07 December 2013

restore factory settings

when i originally set it up, my excitement over the netbook experience overwhelmed my good sense, and i began using the admin account right off the bat. i know it's best to create a clearcut setup -- an admin account and a standard one, using the standard to do daily work and the admin to do updates.

i simply neglected that, and by the time i realized what i was doing, i felt too far in to abandon the account, so i created another admin account and used that one to mark the first as standard. in one fell swoop, i had successfully confused the admin functionality across two accounts.

over the years, the crossed up authority led to misaligned updates, with one account inching ahead, then the other inching ahead, and for poor little toshibook, keeping track of what was where and which was when eventually got to be too much. the processor just churned and churned.

every transaction felt like wading through thick mud. folders, files, browser windows - all of it was sluggish at best, frequently non-responsive. i craved a clean slate, so i decided to create a new user account. several error messages later, the new user account seemed out of reach, and the state of toshibook, more dire.

beginning to feel a bit urgent about a fresh start, i considered a system restore. the first step (recommended by system software) was to create a restore disk. (there's no CD drive in toshibook, so it'd have been a restore "thumb drive".) again, i was assaulted with errors messages and had to abandon the effort.

this is when i began considering a complete restore to factory settings. a "pro": there wasn't any complicated software installed, no itunes or anything like that. documents, pictures, all normal stuff -- windows puts that stuff in the user file, which was easily copied to the aforementioned thumb drive.

my main concern about factory reset was that i'd misstep and end up with a useless hunk of metal and plastic -- that i'd somehow delete the OS and be forced into the netherland of ubuntu or somesuch. or, worsewise, that "factory reset" literally meant no OS. i wanted a clean start, not a science project.

my concerns were somewhat assuaged when i learned (in an online PDF of the machine's user manual) that factory reset was designed to give me an out-of-the-box machine, just like having a brand new netbook from the store. (as opposed to "before the box", which would mean no OS.)

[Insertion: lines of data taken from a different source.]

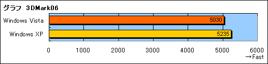では,そのロスは3Dグラフィックスの描画性能にどれだけ影響するだろうか? 表のとおりハードウェアの構成を一致させた状態で,Windows VistaとWindows XPからそれぞれ「3DMark06 v1.1.0」(1024×768ドット,標準設定)を実行した結果をグラフに示してみた。
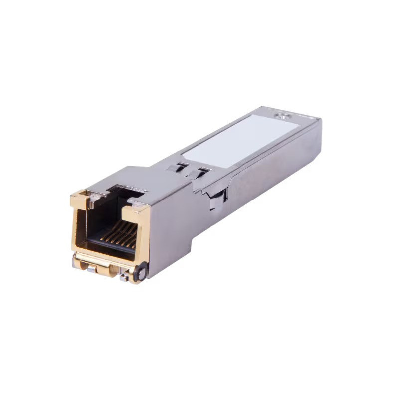 Modulo SFP da 1 Gbit/s con connettore 8p8c, adatto per il collegamento ai cavi CATX tramite un connettore RJ45. Conforme agli standard Gigabit Ethernet e 1000BASE-T specificati negli standard IEEE 802.3-2002 e IEEE 802.3ab. Supporta velocità di 1000 Mbit/s fino a 100 metri su cavo a doppino intrecciato non schermato di categoria 5.
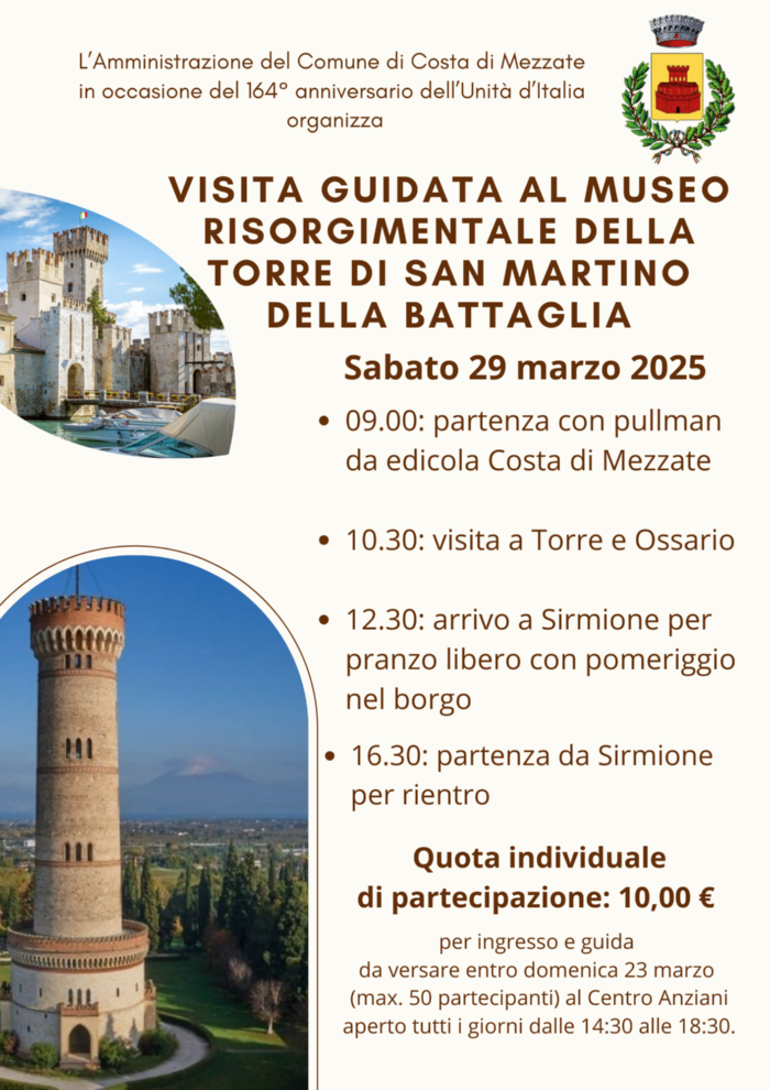 In occasione del 164° anniversario dell’Unità d’Italia, l'Amministrazione comunale di Costa di Mezzate organizza la visita guidata al museo risorgimentale di San Martino della battaglia.
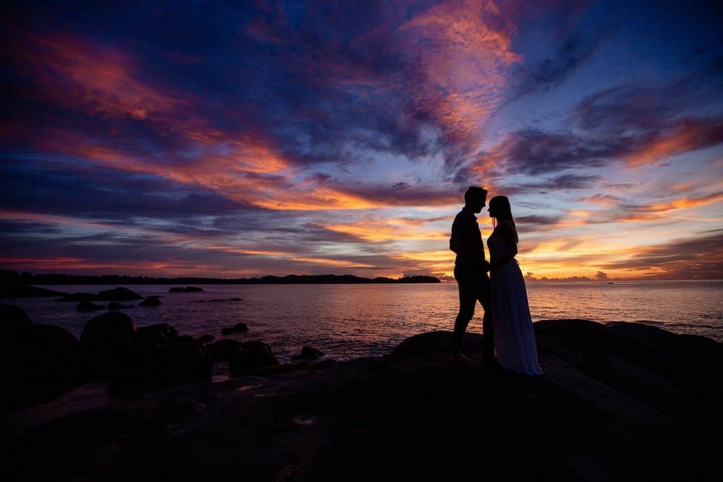 We captured this stunning wedding photo at Poseidon Beach, our favorite beach in Khao Lak. We had already spent two wonderful hours with this harmonious couple from Germany and eagerly awaited the evening light after sunset. As you can see, the wait was more than worth it, resulting in a truly magical moment.
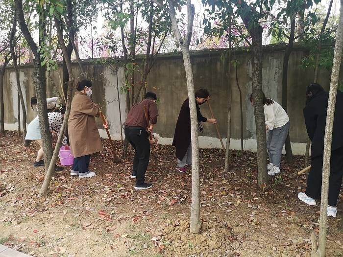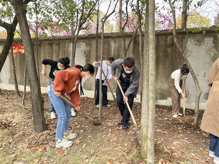 活动中,党员同志们干劲十足,挥锹挖坑、扶树松土、提水浇水、清理落叶,分工明确,相互配合,有条不紊。铁锹的每次挥动都饱含着党员同志们对林木茁壮成长的期望,水桶的每一次灌溉都滋养着党员同志们对建设美丽校园的初心,同志们以实际行动践行绿色发展理念,助力美丽校园。
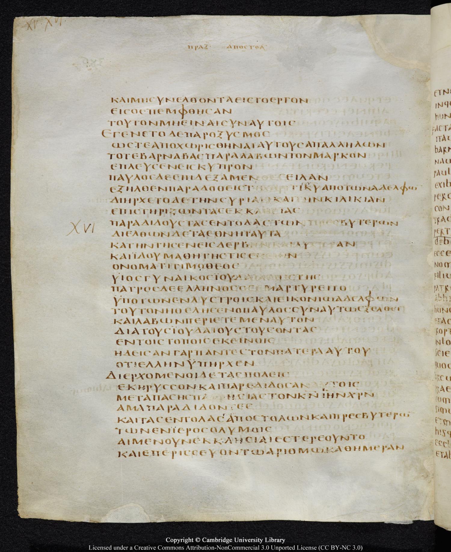 Codex Bezae is a fifth century majuscule of the Gospels and Apostolos on parchment; Greek-Latin diglot; 415 leaves, single column, 33 lines per column. For more information about these images, please visit the University of Cambridge.
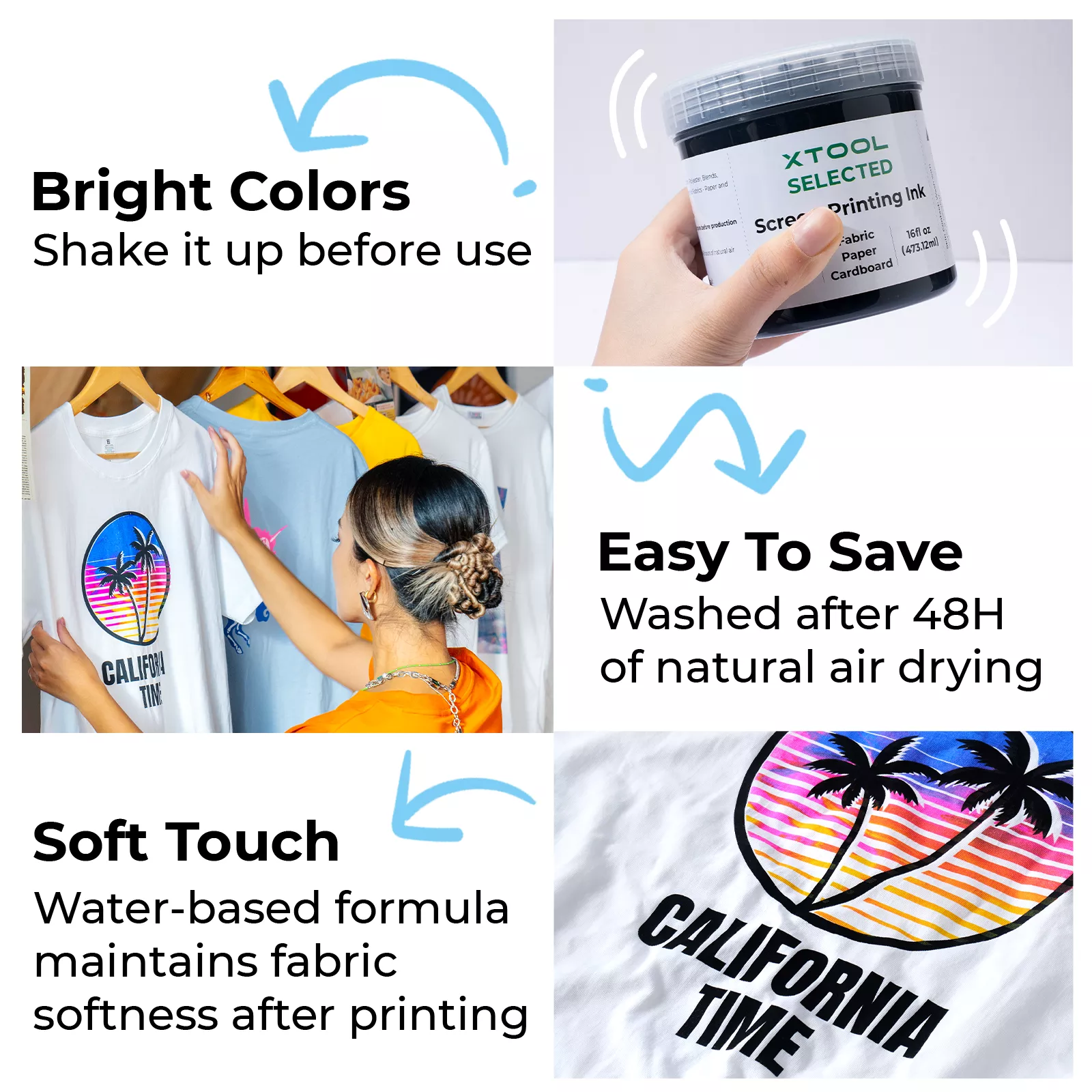 - Easy to Use and Process. Screen Printing Ink Set is incredibly easy to work with. Before use, simply give the ink a good stir to ensure smooth consistency. After screen printing, allow your designs to air dry naturally for 48 hours before washing.
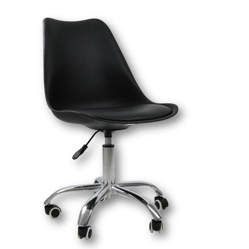 Cadeira Office Base Cromada Com Rodízio Giratória Saarinen Preto 1Cadeira Office Saarinen Base Cromada com Rodízios – Conforto, Design Moderno e VersatilidadeA Cadeira Office Saarinen Base Cromada com Rodízio Giratório é ideal para quem busca um móvel que una estilo, conforto e funcionalidade. Seu design contemporâneo se adapta perfeitamente a diversos ambientes, como escritório, home office, sala de jantar ou quarto, garantindo elegância e praticidade no dia a dia.Medidas do Produto:Altura Total: 83 a 96 cmAltura do Assento ao Chão: 47 a 60 cmAltura do Encosto: 48 cmLargura:- Pernas: 30 cm- Assento: 48 cm- Encosto: 48 cmComprimento:- Encosto: 2 cm- Assento: 41 cmPeso: 6 kgPeso Máximo Suportado: 120 kgMateriais- Revestimento em couro sintético (PU), resistente e fácil de limpar- Assento em madeira multilaminada, oferecendo firmeza e durabilidade- Base cromada com rodízios, garantindo mobilidade e estabilidadeDiferencialAcompanha E-book exclusivo!
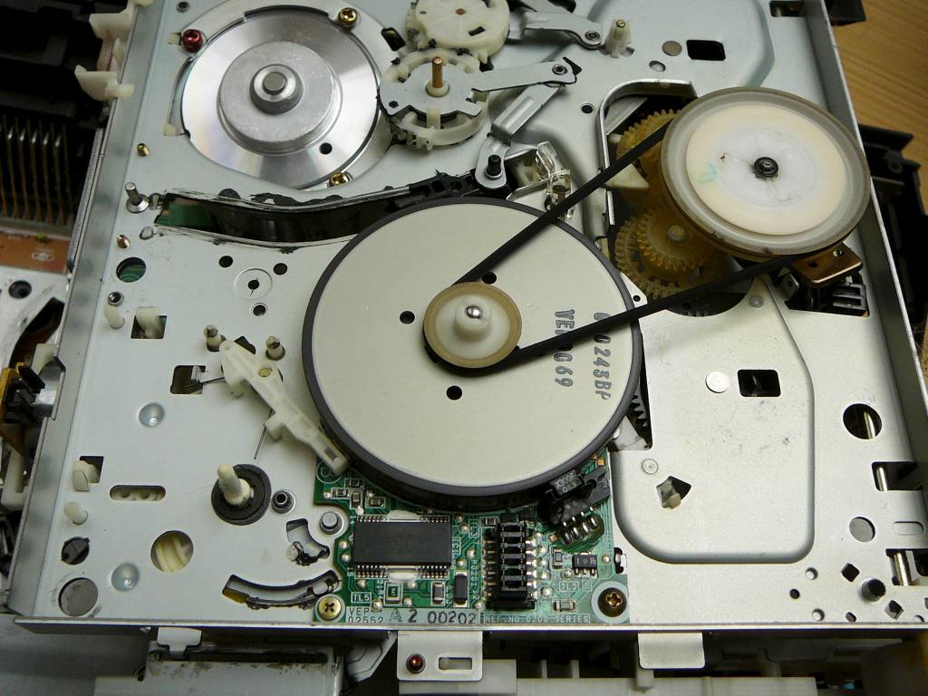 Pustiul jsme se do třídění vedeorekordérů PANASONIC. Mám tady NV-HD642, NV-FJ612, NV-SD427. U všech je tentýž problém. Mají malý tah a neutáhnou pás. Očištění kladky nepomohlo, stejně by mělo mít vliv pouze při přehrávání a né pře převíjaní. Otázka je jak poznat jestli to je mechanická či elektrická chyba. Ta mechanika se nedá provozovat tak abch měl přístup zespodu a viděl jestli se zastaví i motor nebo to prokluzuje třeba v té třecí spojce. Přikládám foto mechhaniky třeba si někdo kdo tyto videa dělával spomene.
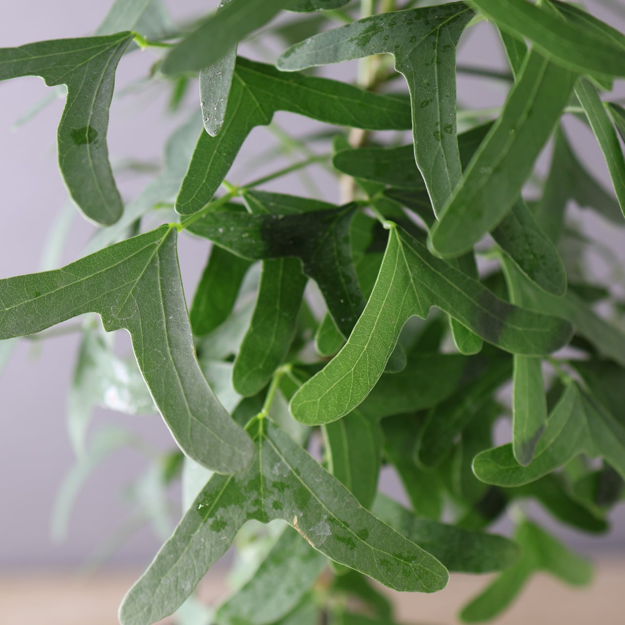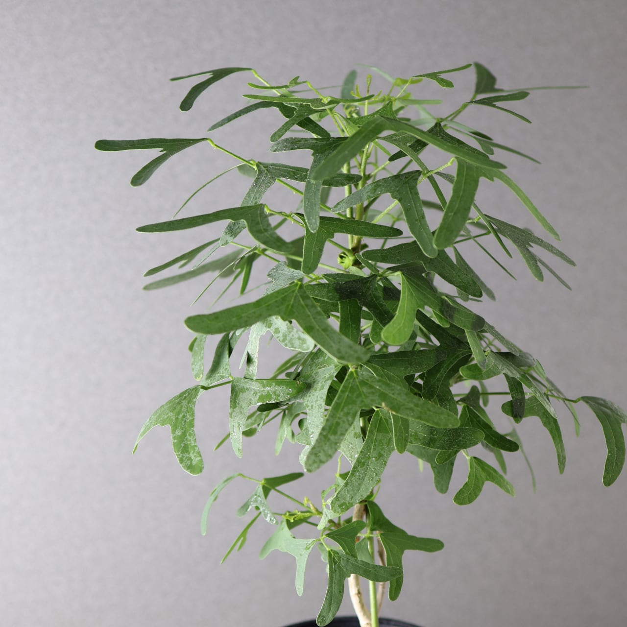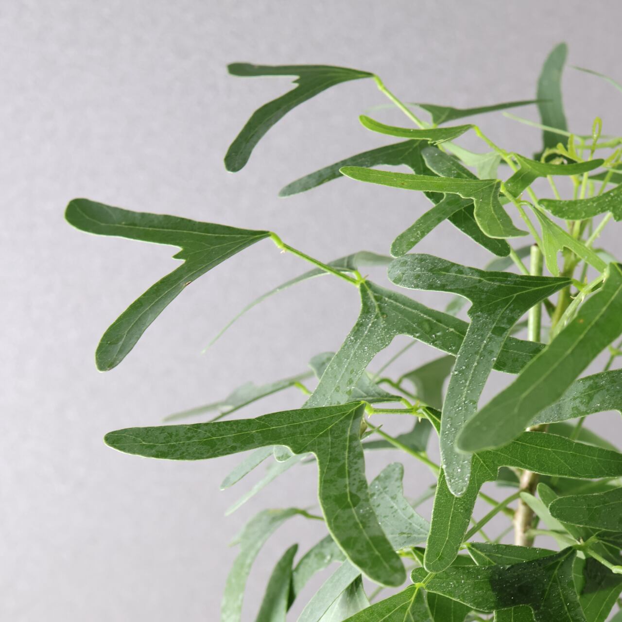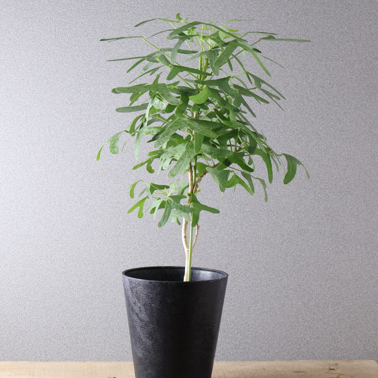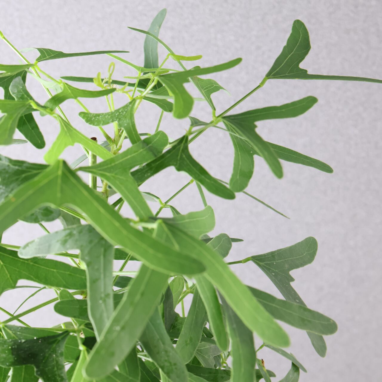 蝶が舞うような形の葉と、美しいグリーンのコントラストが印象的な熱帯性植物。ハート形にも見える三枚葉のバランスが軽やかで、風にそよぐ姿はまるで羽ばたく蝶のようです。
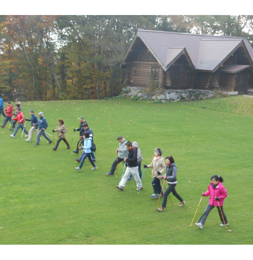 イベントの締めくくりは「ダボスの丘」をウォーキング。菅平高原は、スイスのダボスを思わせる気候や環境から、「日本のダボス」と呼ばれています。冬はスキー場に囲まれるこの地域も、この季節は紅葉がこれから始まるところ。アスファルトではない芝の道を上り下りし、楽な歩き方を実感いただきます。
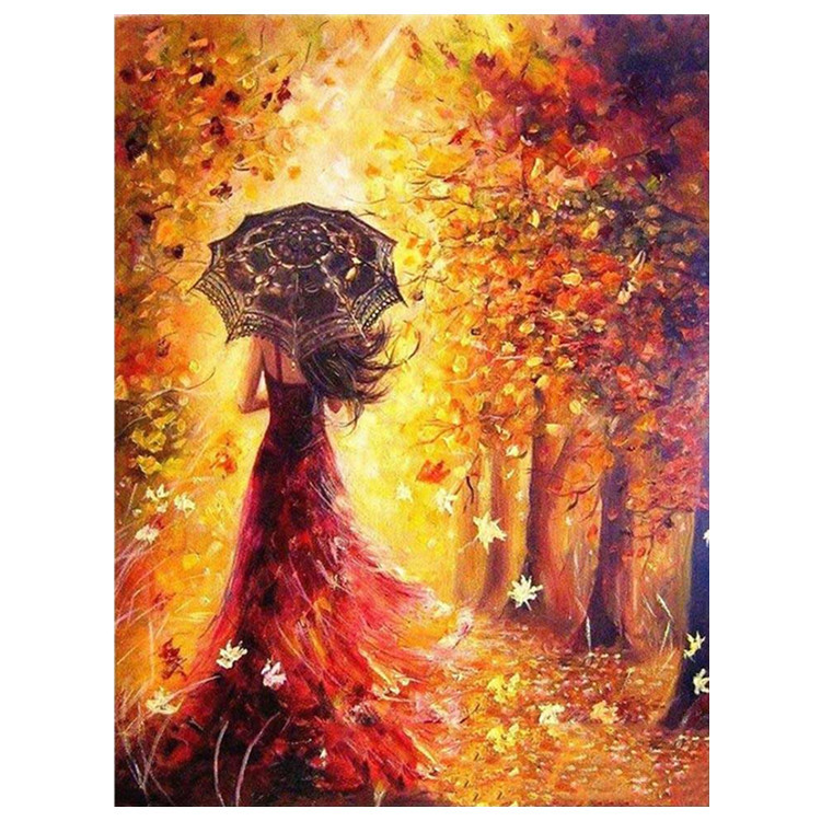 5D Autumn Girl Diamond Painting Modern Simple Landscape Tree Living Room Bedroom Cross Stitch
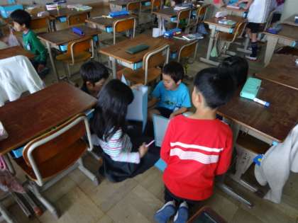 今日の体育は,地面に水たまりがあったので教室で行いました。
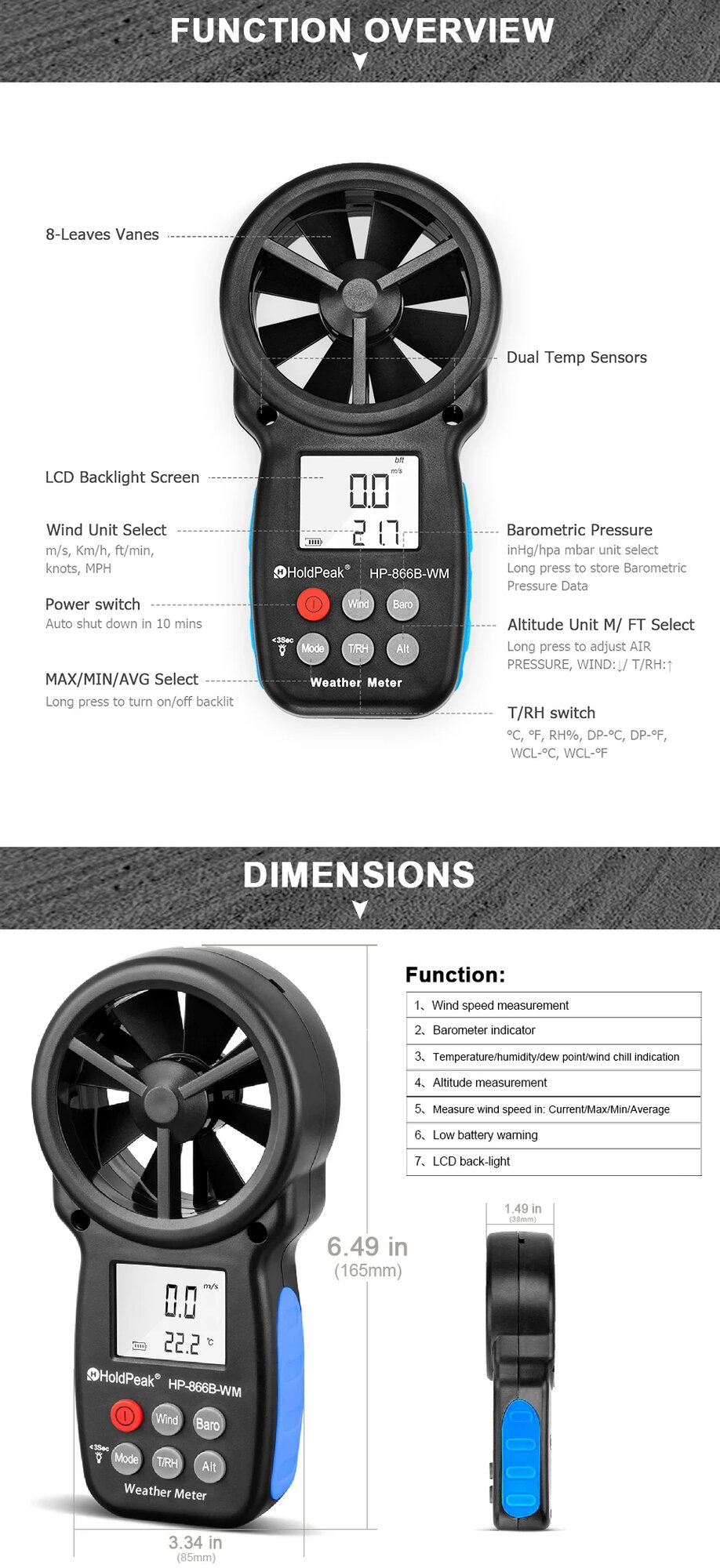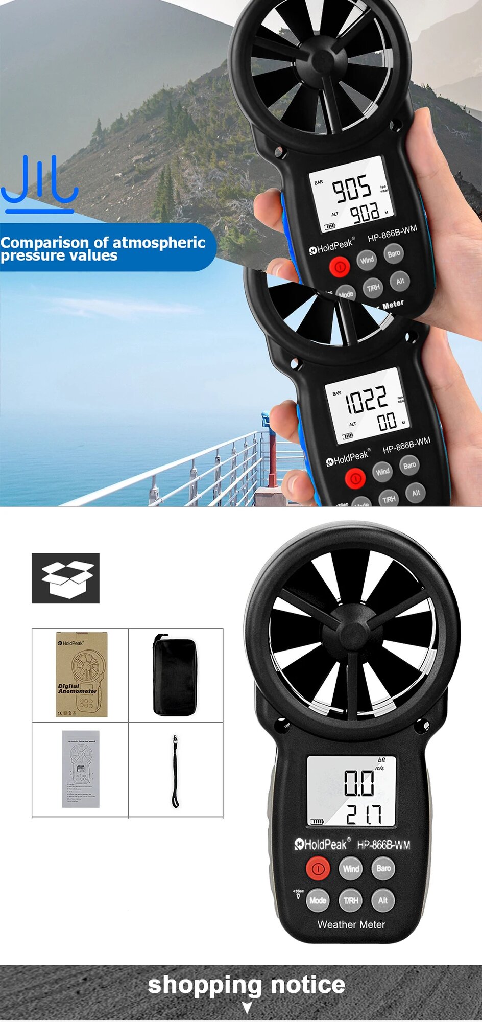 Ручной анемометр HoldPeak HP-866B-WM

the more i thought about it, the more i liked the idea of starting over, the chance to do it right this time. i was stoked. of course... i had my security blanket of the misc detritus, the flotsam and jetsam, everything from the user folder now sitting on the thumb drive. what could go wrong?

answer: lots of things. but, more important than what could go wrong, i wondered what would go wrong. answer: nothing. the entire process was amazingly easy. taking the leap to restore factory settings was delightfully simple, decidedly liberating, deliciously thrilling. yeah, i went there. THRILLING.

bottom line: achieving this clean slate state was precisely as energizing and refreshing as psychology promises us resetting to a clean slate state can be. the machine's functionality is terrific - speedy, accurate, not slogs and bogs. plus, little toshibook-ii just seems so happy to have had a bath.